The task
Give an exact copy of the data that follows, but none of its pictures.

[Input data Boundary: Start]

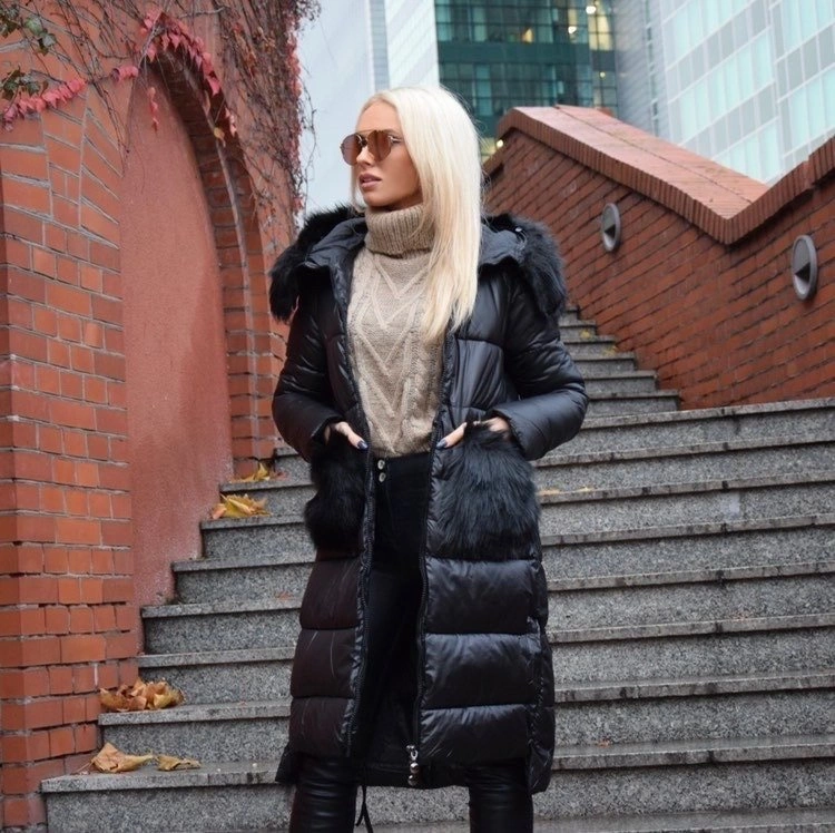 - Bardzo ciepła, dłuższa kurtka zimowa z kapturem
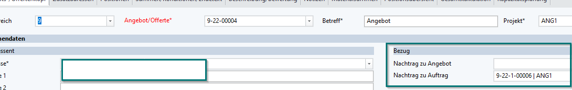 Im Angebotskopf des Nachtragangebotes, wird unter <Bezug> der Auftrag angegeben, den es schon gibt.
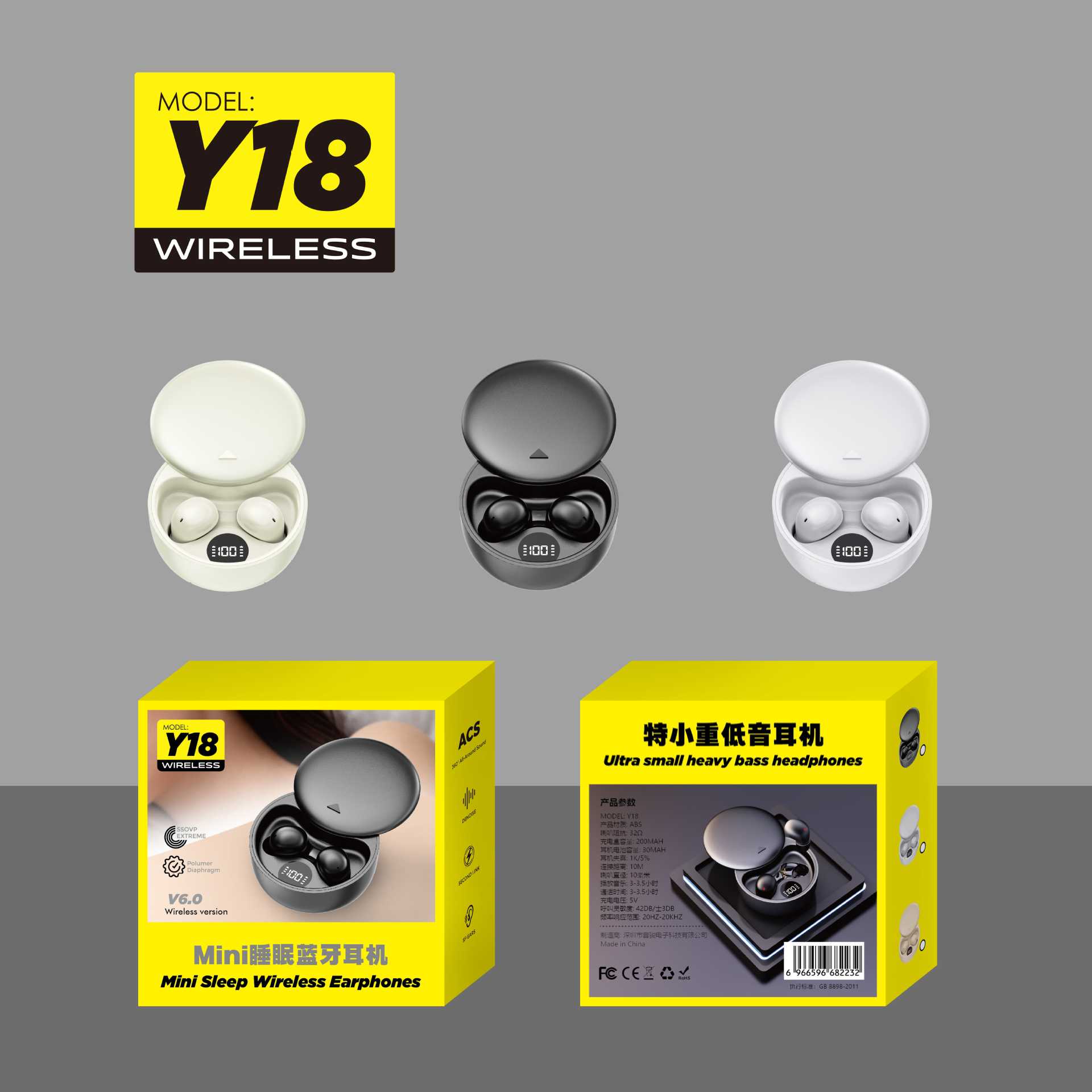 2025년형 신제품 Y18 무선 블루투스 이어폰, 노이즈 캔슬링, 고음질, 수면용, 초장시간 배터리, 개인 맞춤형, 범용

[Input data Boundary: End]

Reply to the task
 - Bardzo ciepła, dłuższa kurtka zimowa z kapturem
 Im Angebotskopf des Nachtragangebotes, wird unter <Bezug> der Auftrag angegeben, den es schon gibt.
 2025년형 신제품 Y18 무선 블루투스 이어폰, 노이즈 캔슬링, 고음질, 수면용, 초장시간 배터리, 개인 맞춤형, 범용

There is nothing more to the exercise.